The supplied test data sets are broken up into medium and large individual documents, along with several collections of smaller documents. The medium documents are:

  • periodic.xml, periodic table of the elements in XML. Some attributes, fairly flat tree (114K bytes).

  • soap2.xml, generated array of values in SOAP document form. Heavy on namespaces and attributes (131K bytes).

Published test results use a third medium sized file, xml.xml. This is the actual text of the XML specification, with the external DTD reference removed and all entities defined in the internal DTD subset. It consists of presentation-style markup with heavy mixed content and some attributes. This file is not included in the distribution due to copyright restrictions that prohibit distributing any modified version of the document.

The large documents are:

  • weblog.xml, a log of web page accesses reformatted as XML. Flat structure with no attributes and generally short character data sequences as content (2.9M bytes).

  • factbook.xml, CIA World Factbook data reformatted as XML. Variable structure with no attributes and heavy character data content (4.0M bytes).

The collections of small documents are:

  • ants, XML configuration files for the Ant build utility from a number of open source projects (18 documents, 100K bytes total).

  • fms, RDF documents from Freshmeat.net (37 documents, 136K bytes total).

  • soaps, SOAP request and response documents from an early version of the SOAP 1.2 specification and from an interoperability test set (42 documents, 30K bytes total).

  • webs, web application configuration files from a number of open source projects (70 documents, 132K bytes total).

Test Results

Current timing results are published on the IBM developerWorks XML zone, in the article Improve XML transport performance, Part 2.

As a supplement to the charts supplied in that article, the three figures below give the results for a test run with the Sun 1.4.1 JVM for Linux (using the Piccolo parser, which tends to deliver the best performance of the ones I've tested with the Sun JVM). Note that the zip and gzip performance shown in these test results is far worse than those from the IBM 1.4.1 JVM. I haven't identified the cause of the problem, but it appears to be present for both the 1.4.1 and 1.4.2 JVMs from Sun (those are the only ones I've tried).

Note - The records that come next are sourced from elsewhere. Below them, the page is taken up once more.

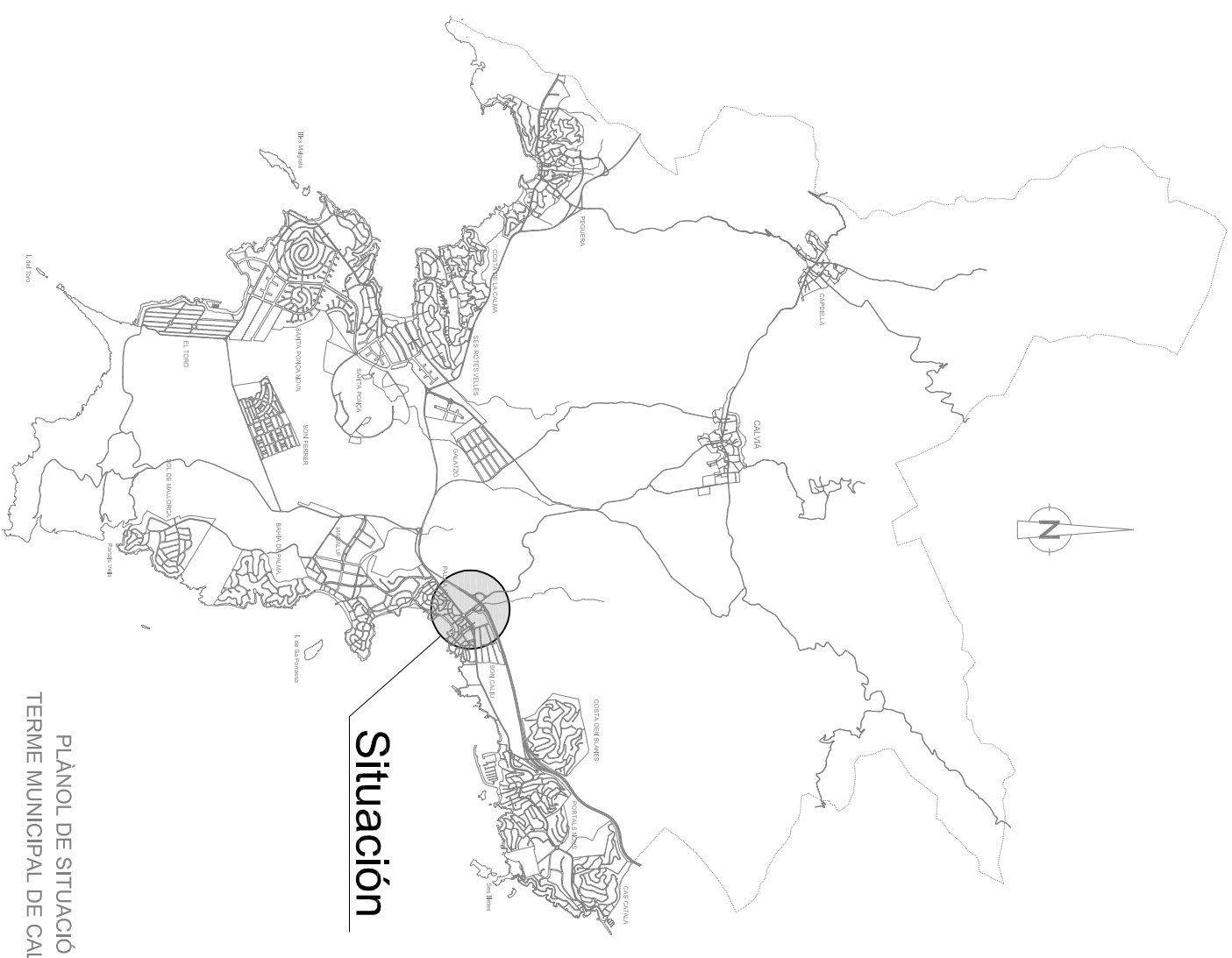
PLÀNOL DE SITUACIÓ TERME MUNICIPAL DE CALVIÀ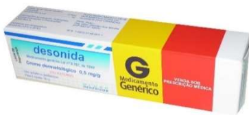
5220-Desonida creme 30g Referência: Desonol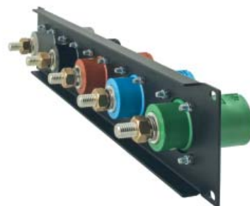
Set di 5 connettori Panel Source (sopra) e Panel Drain (sotto) con M12 filettati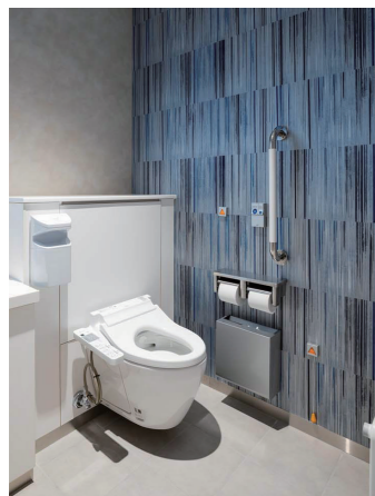
個室完結型トイレ

トイレ専用通路に満空表示のパネルを設置し、個室まで行かずとも空き状況を確認可能。さらに、使用中は個室のランプも点灯。各個室異なる空間デザインが把握できるように、入口サインも呼応したデザインを施している。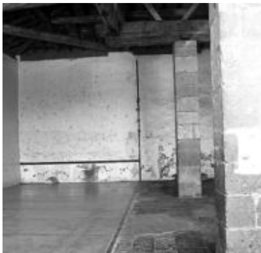
Zimiteyuan izango dira partidak. G. AZKUE

Izena emateko Iriarte tabernara jo beharko da, edo besteala, 649 31 70 61 edo 943 69 20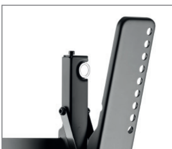
Höhenausgleich ±8 mm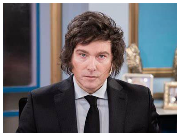
Palácio do Planalto: sem intenção de prejudicar Javier Milei

O contato do Palácio do Planalto com Tebet ocorreu no fim de agosto, às vésperas da visita do ministro da Economia, Sergio Massa, nome apoiado pelo presidente Alberto Fernández para a sua sucessão. Partiu do gabinete do ex-chanceler Celso Amorim. Ele despacha no terceiro andar do Planalto, perto do gabinete do presidente, e atua hoje como assessor especial de Lula para a área internacional.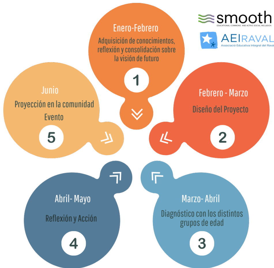
Diagrama elaboración propia

El trabajo investigativo está dividido en 5 etapas, como se presentan en el diagrama a continuación. Cada etapa está dividida en talleres programados una vez por semana. Se trabajará con los dos grupos que asisten al Aula Oberta, uno lo hace los días lunes y miércoles, el otro los días martes y jueves. Se decide trabajar la segunda sesión de la semana, miércoles y jueves respectivamente.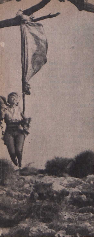
A vikingek idejébe vezet vissza a »Hosszú hajók« című jugoszláv–angol koprodukció

Figure 1. Medium document performance, Sun 1.4.1 JVM
Medium document performance, Sun 1.4.1 JVM
Figure 2. Large document performance, Sun 1.4.1 JVM
Large document performance, Sun 1.4.1 JVM
Figure 3. Small document performance, Sun 1.4.1 JVM
Small document performance, Sun 1.4.1 JVM

The total times are 9.55 seconds for text, 3.44 seconds for XBIS, 247.65 seconds for zip, and 251.20 seconds for gzip. The next three figures give the results for the same tests, run on the IBM 1.4.1 JVM (also using the Piccolo parser). These are essentially the same results as shown in the developerWorks article referenced above, though these include the zip test results and were run on the final version of the code included in the 0.9.5 release (a slightly later version than was used for the test results published in the article). The total times in this case are 4.53 seconds for text, 2.21 seconds for XBIS, 12.18 seconds for zip, and 12.72 seconds for gzip.

Figure 4. Medium document performance, IBM 1.4.1 JVM
Medium document performance, IBM 1.4.1 JVM
Figure 5. Large document performance, IBM 1.4.1 JVM
Large document performance, IBM 1.4.1 JVM
Figure 6. Small document performance, IBM 1.4.1 JVM
Small document performance, IBM 1.4.1 JVM

Earlier timing results (included in the 0.9 distribution) compared XBIS with different XML parsers running on different JVMs. These tests used a text output approach that was considerably slower than the JAXP null transformation in the current test code. The newer approach has reduced the relative advantage of XBIS over text for output, more accurately reflecting the benefits of the different techniques.